> Problem to solve
From the line that contains "Seit jeher kommen" to the final line below, both included, print each line exactly and skip the pictures.

> Data excerpt
++++++++++
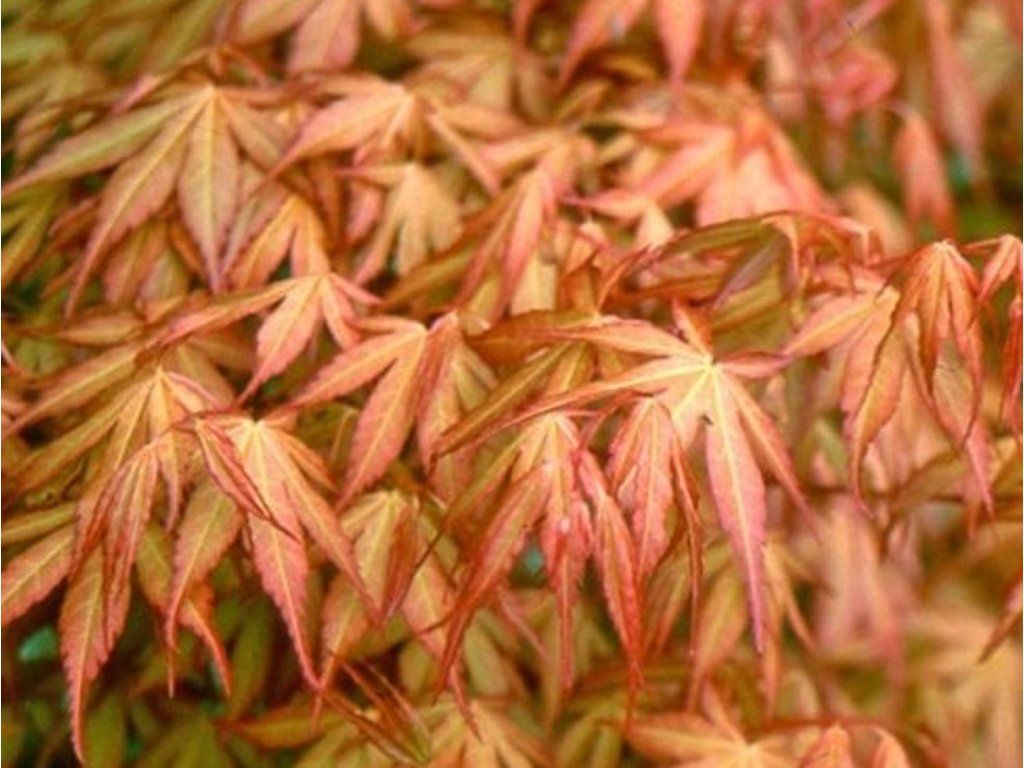 Japanischer Ahorn 'Katsura' - ein wunderschöner und sehr beliebter Kultivar des japanischen Ahorns, der vor allem für seine ausgeprägte orange-aprikosenfarbene Frühlingsfärbung geschätzt wird. Er gehört zu den kleineren, langsamer wachsenden Sorten, die sich auch für kleinere Gärten oder die Kübelpflanzung eignen. Er wächst als kompakter Strauch oder kleiner Baum, normalerweise 2 bis 3 Meter hoch, mit einer abgerundeten, leicht ausladenden Krone und dünnen Ästen. Sein Wachstum ist regelmäßig und ziemlich dicht, sodass er in jeder Pflanzung elegant wirkt. Die Blätter sind der Hauptschmuck; im Frühling treiben sie in leuchtenden Aprikosen-, Orange-, Gelb- und Rosatönen aus, oft mit einem ausgeprägten roten Rand. Diese Farbkombination ist eine der eindrucksvollsten Frühlingsfärbungen unter den japanischen Ahornen. Im Sommer verfärben sich die Blätter hell- bis mittelgrün, während sie sich im Herbst wieder in orange-gelbe bis goldene Töne verfärben. Die Frostbeständigkeit liegt bei etwa –20 °C; junge Pflanzen schätzen eine winterliche Mulchschicht und einen geschützten Standort. Dank seiner geringen Größe und seiner leuchtenden Farben eignet er sich hervorragend als Solitärpflanze, für japanische Gärten, Vorgärten, an Teiche oder für die Kübelbepflanzung in größeren Gefäßen. Lässt sich sehr gut mit Nadelgehölzen, Farnen und dunkelblättrigen Stauden kombinieren, die ihre leuchtenden Frühlingsfarben hervorheben.
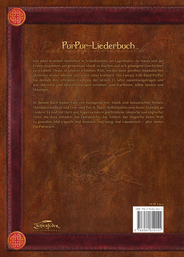 Seit jeher kommen Menschen in Schankstuben, an Lagerfeuern, zu Hause und auf Festen zusammen, um gemeinsam Musik zu machen und sich gesungene Geschichten zu erzählen. Heute, in unserer schnellen Welt, werden diese geteilten musikalischen Momente immer seltener und somit umso kostbarer. Die Fantasy-Folk-Band PurPur hat deshalb ihre schönsten Liedtexte der letzten 15 Jahre zusammengetragen und mit Akkorden und Spielanweisungen versehen: zum Nachlesen, selbst Spielen und Mitsingen. In diesem Buch finden Fans von handgemachter Musik und fantastischen Welten, Mittelaltermärkten und Live- und Pen-&-Paper-Rollenspielen eine breite Auswahl an Liedern. Es sind mit Herz und Augenzwinkern geschriebene (deutsche und englische) Texte, die dazu einladen, das Fantastische, das Andere, das Magische dieser Welt zu genießen. Mal tragisch, mal mystisch, mal lustig, mal träumerisch - aber immer PurPuristisch.
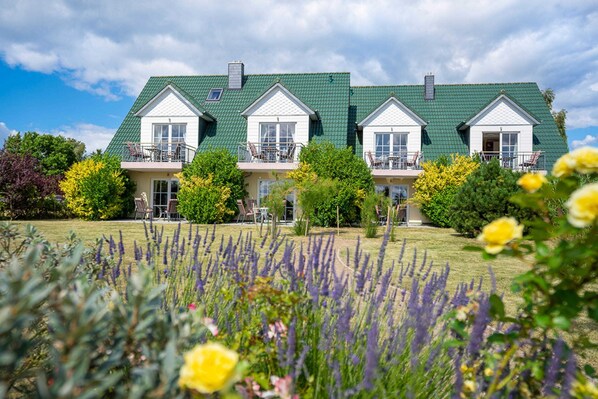 Die 2-Raum-Ferienwohnungen 01,02,05 und 06 befinden sich im Erdgeschoss und verfügen alle über eine Terrasse zum Garten.
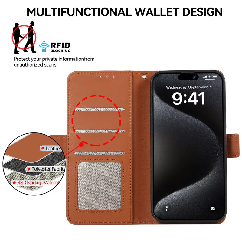 Denna fodral är tillverkat av högkvalitativt PU-läder och TPU-material, vilket ger långvarigt skydd för din enhet. Med RFID-blockering och en praktisk plånboksdesign är detta fodral både funktionellt och säkert. Njut av bekvämligheten av att ha allt du behöver på ett ställe.
++++++++++
> Reply to the exercise
 Seit jeher kommen Menschen in Schankstuben, an Lagerfeuern, zu Hause und auf Festen zusammen, um gemeinsam Musik zu machen und sich gesungene Geschichten zu erzählen. Heute, in unserer schnellen Welt, werden diese geteilten musikalischen Momente immer seltener und somit umso kostbarer. Die Fantasy-Folk-Band PurPur hat deshalb ihre schönsten Liedtexte der letzten 15 Jahre zusammengetragen und mit Akkorden und Spielanweisungen versehen: zum Nachlesen, selbst Spielen und Mitsingen. In diesem Buch finden Fans von handgemachter Musik und fantastischen Welten, Mittelaltermärkten und Live- und Pen-&-Paper-Rollenspielen eine breite Auswahl an Liedern. Es sind mit Herz und Augenzwinkern geschriebene (deutsche und englische) Texte, die dazu einladen, das Fantastische, das Andere, das Magische dieser Welt zu genießen. Mal tragisch, mal mystisch, mal lustig, mal träumerisch - aber immer PurPuristisch.
 Die 2-Raum-Ferienwohnungen 01,02,05 und 06 befinden sich im Erdgeschoss und verfügen alle über eine Terrasse zum Garten.
 Denna fodral är tillverkat av högkvalitativt PU-läder och TPU-material, vilket ger långvarigt skydd för din enhet. Med RFID-blockering och en praktisk plånboksdesign är detta fodral både funktionellt och säkert. Njut av bekvämligheten av att ha allt du behöver på ett ställe.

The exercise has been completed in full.